Ask the old-timers about Sisters:
- Loretta Marie Marceau, the financial whiz who made an art of wise stewardship and encouragement of donations to support the ministries;
- Mary Trinitas Morin, a gifted artist and educator whose works shine on the University of Great Falls campus;
- Rita Mudd, who made her mark as president of the College of Great Falls and who was a beloved teacher at St. Thomas Home in Great Falls and at Loyola Sacred Heart High School, St. Francis Xavier School and Sacred Heart Academy in Missoula;
- Kathryn “Kitsy” Rutan, who served at St. Thomas Home, St. Peter & St. Paul School and the College of Great Falls and who later became general superior of the international congregation in Montreal;
- Peter Claver Thomas, who ministered at Columbus Hospital and then was a legendary administrator at Sacred Heart Medical Center in Spokane;
- Mary Kaye Nealen, former professor and provost of the University of Great Falls, now serving as a general councilor in Montreal;
- and Providencia Tolan, who embraced and was embraced by the Indian people and served at St. Thomas Home and the College of Great Falls.
That is just a hint of the footsteps Sisters Maryann Benoit, Ann Dolores Ybarrola and others have followed in as they have been providence to the people of Montana.

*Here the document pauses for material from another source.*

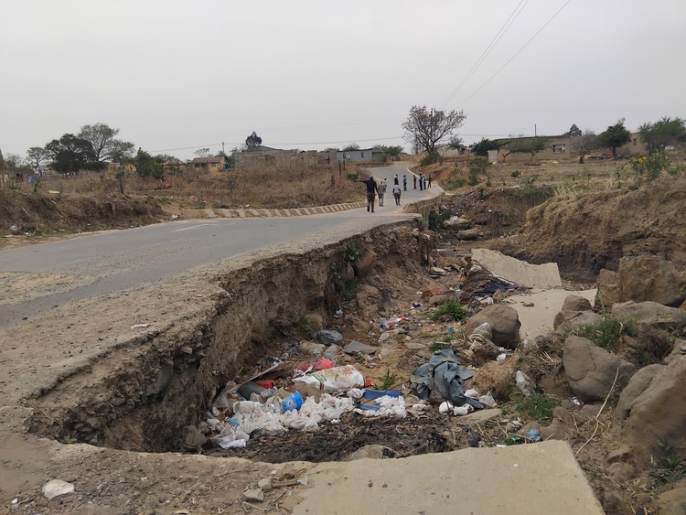 A vehicle bridge, known as C Bridge, connecting two parts of the township over the Goqo River, partly collapsed in February 2025 after heavy flooding. Since then, a large crater has formed along the part of the collapsed bridge. The hole has now become an illegal dumping site and is full of rubbish.

Sister Maryann traces her introduction to Montana to her days as a student at the College of Great Falls (CGF), where she earned a BA degree in education and English in 1953. After teaching elementary and secondary school, she returned to Montana as a professor in the English department of her alma mater, where she served for 19 years. She was invited to teach in Japan and was an advisor to Japanese students at CGF. In 2000, the University of Great Falls Alumni Association presented her with the Alumni Recognition Award for outstanding leadership, professional achievement and scholarly work.
Sister Ann Dolores is a Montana native, born in Havre, and lived in the state for much of her life. She was educated at St. Thomas School in Great Falls, where her father arranged for his children to be cared for after the death of their mother at 35. She spent classes in summer sessions at CGF to earn a degree like so many other Sisters of Providence, and then became an elementary school teacher. She delighted in the fact that the classroom she and other first- and second-grade boarders were taught in at St. Thomas Home in 1944-45 was the very same one she was assigned to teach first graders in nine years later.
She later was a high school teacher, principal and office manager at Sacred Heart Academy in Missoula and Central Catholic High School in Great Falls. She served in ministry at the College (University) of Great Falls for 19 years, in institutional research, the registrar’s office and financial aid. Upon her retirement, she was presented at the 1992 commencement with the Emilie Gamelin Award “for dedicated service to the College of Great Falls in the spirit and example of Mother Emilie Gamelin.”
After their retirement, the two housemates threw open their hearts and home to people who needed but could not afford assistance with writing applications and essays, editing and occasional translating. Sister Maryann also mentored writers and teachers, including some of her former students. Sisters Maryann and Ann Dolores stayed in Montana for as long as they could, until the demands of age and infirmity led them to accompany Provincial Leader Judith Desmarais to their new home at St. Joseph’s Residence in Seattle. Their days are spent with the sisters there, but no doubt Montana figures prominently in their dreams.